2. Swedes often enjoy a little bit of one-up-manship. They like to boast (very gently, of course – they are Swedes, after all, and don’t go in for vulgar gloating), about what they have. They buy expensive houses way out of their means, and only pay off the interest. So, they don’t (and won’t ever) own them. They are very materialistic, and I think, pretty judgemental. Only, they would never admit to that (not even to themselves).

 3. The Swedes are very proud of their healthy lifestyles: they exercise, eat plenty of fruit and vegetables, and limit their kids’ sugar consumption. However, there is an undercurrent which is either hypocrisy or ignorance, and I am not sure which: they eat copious amounts of sausage and other processed meats that are absolutely jammed-packed with E numbers and artificial ingredients. In fact, pick up any random grocery item and you would be amazed by the contents, the majority unfavourable. Kind of like the UK 20 years ago, before we realised the dangers artifical addititves presented. So, banging on about kids only having sweets on a Saturday is somewhat redundant when you feed them food full of crap every day.

4. They like herring. Lots of it. I don’t like it, and this seems to rankle with Swedes. In the 15 years H and I have been together, his family have tried to persuade me to eat it; even so far as one Midsommer trick me into it eating it! It just doesn’t sit well with them that it’s not for me. My boys like it; thank goodness – otherwise could you imagine the grief I would get then? They would assume that I was cheer-leading my own “We hate sill” campaign. And while we are on the subject of food – most of theirs is bland. And that’s coming from an English woman; we’re not exactly adventurous in my part of the world.

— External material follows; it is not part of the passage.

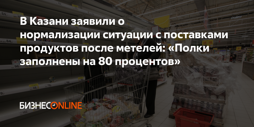 «С момента возникновения этой ситуации для мониторинга были оперативно налажены коммуникации с руководством крупных торговых сетей. Таких в городе более 800, еще есть и несетевые форматы. В начале прошлой недели из-за сбоя поставок по ряду сетей загруженность полок снизилась до критических 60 процентов, но за прошлую неделю для нормализации ситуации сами руководители торговых сетей привлекли дополнительную технику для расчистки снега. Для того чтобы вопрос решался быстрее, подключились и городские коммунальные службы… На сегодняшний день ситуация нормализована, имеются отдельные точки, где из-за ажиотажного спроса на некоторые позиции фиксируется, загрузка полочного пространства не менее 80 процентов, в крупных магазинах превысила 95 процентов», — сказал Шакиров.
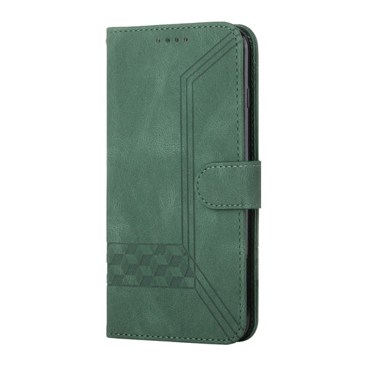 For iPhone 15 Pro Cubic Skin Feel Flip Leather Phone Case(Green)

5. They don’t shout. Ever. I do. Lots. It makes me feel as though social services are going to come pounding on my door at any given moment, after receiving a complaint of continued shouting at children! I am not that bad, promise, but when they are all so held-together, it makes you feel like that!

6. They don’t queue. They just seem unable to grasp the concept. In the same token, they don’t let you out in traffic either; they also don’t wave thank you when you do let them out. As a polite nation I find this a rather odd phenomenon. To help with a lack of queueing, everywhere you go there are ticket systems in place, where you take a ticket and wait for your number to be called. Very handy when there are numerous people all jostling for service, kind of redundant when it is just you, but you still have to stand their like a numpty, waiting for your number to be called.

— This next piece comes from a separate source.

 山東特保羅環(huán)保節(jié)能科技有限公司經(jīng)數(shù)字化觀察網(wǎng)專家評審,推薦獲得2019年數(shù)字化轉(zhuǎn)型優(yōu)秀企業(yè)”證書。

7. It’s expensive. God, is it expensive. Everything is two or three times as much as in the UK. Okay, wages are slightly higher, but not that much in comparison to the UK. Come back, Primark; all is forgiven!

Phew. Okay, I think I will give the Swedes a break now. I would love to hear other expat’s views on our lovely adopted homeland, and the little things they find annoying.


It’s been a LONG time

I’ve been missing in action.

Well,  not when I say action,  I mean spending my spare time writing another blog.  I know.  How unforgivable of me.  It’s here if anyone is interested!

Things are really great for us in Sweden. I have not had one moment’s regret since coming back almost a year ago. Yes, there have been the odd twinges of annoyance:  when H’s parents over-step the mark (which have been surprisingly few and far between);  quirky, infuriating Swedish rules (how a British person can’t use her passport as a proof of ID if it is more than eight years old);  and appalling customer service (“oh, I’m sorry….the person you want is off to a meeting in 30 minutes, so she won’t take your phone call. Call back next Monday”).  Other than that,  it’s been just fab!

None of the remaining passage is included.